## Your objective
Please restate the data below word for word, omitting all images.

## Information shown
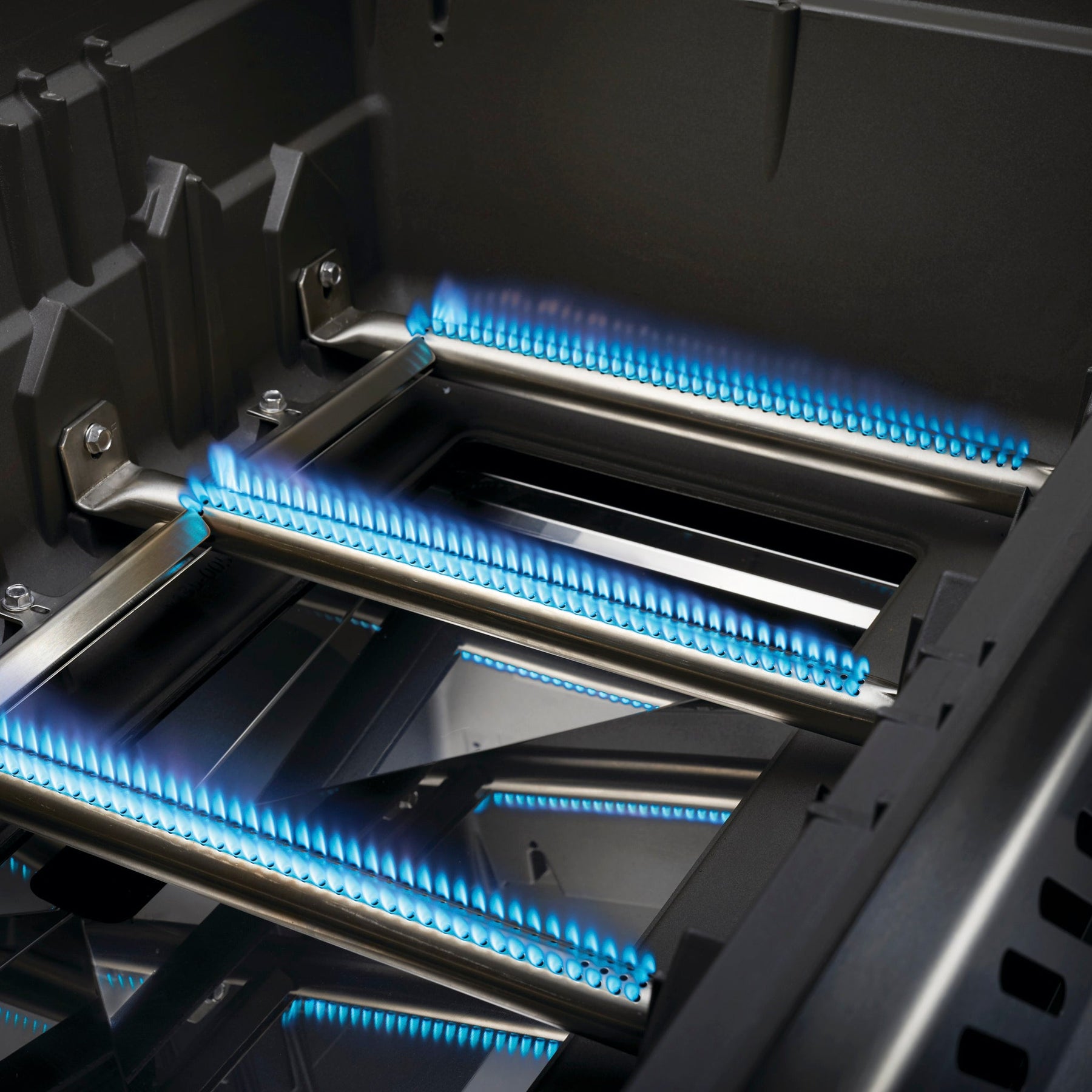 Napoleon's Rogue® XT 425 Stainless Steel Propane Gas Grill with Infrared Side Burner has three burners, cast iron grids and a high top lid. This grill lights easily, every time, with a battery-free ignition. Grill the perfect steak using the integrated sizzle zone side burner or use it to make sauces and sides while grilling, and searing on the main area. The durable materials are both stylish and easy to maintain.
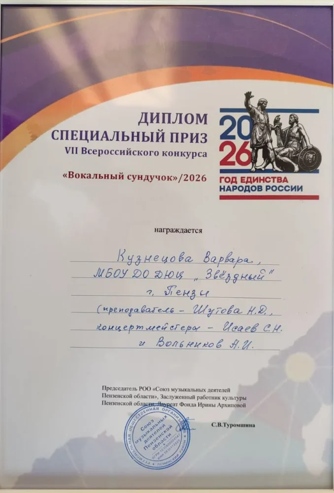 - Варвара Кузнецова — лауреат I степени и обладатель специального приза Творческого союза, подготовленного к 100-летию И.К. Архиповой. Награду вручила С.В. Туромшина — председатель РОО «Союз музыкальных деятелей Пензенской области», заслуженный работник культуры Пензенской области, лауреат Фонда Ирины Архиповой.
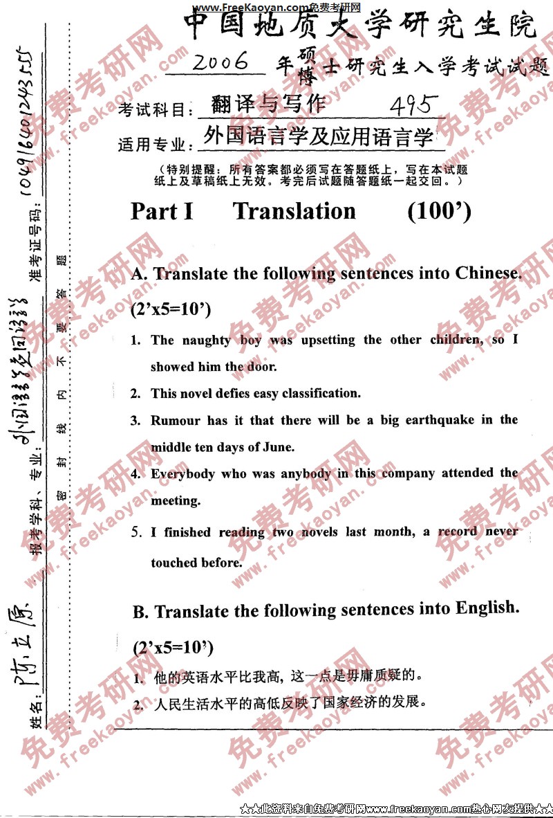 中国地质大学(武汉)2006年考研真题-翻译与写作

## Exercise answer
 Napoleon's Rogue® XT 425 Stainless Steel Propane Gas Grill with Infrared Side Burner has three burners, cast iron grids and a high top lid. This grill lights easily, every time, with a battery-free ignition. Grill the perfect steak using the integrated sizzle zone side burner or use it to make sauces and sides while grilling, and searing on the main area. The durable materials are both stylish and easy to maintain.
 - Варвара Кузнецова — лауреат I степени и обладатель специального приза Творческого союза, подготовленного к 100-летию И.К. Архиповой. Награду вручила С.В. Туромшина — председатель РОО «Союз музыкальных деятелей Пензенской области», заслуженный работник культуры Пензенской области, лауреат Фонда Ирины Архиповой.
 中国地质大学(武汉)2006年考研真题-翻译与写作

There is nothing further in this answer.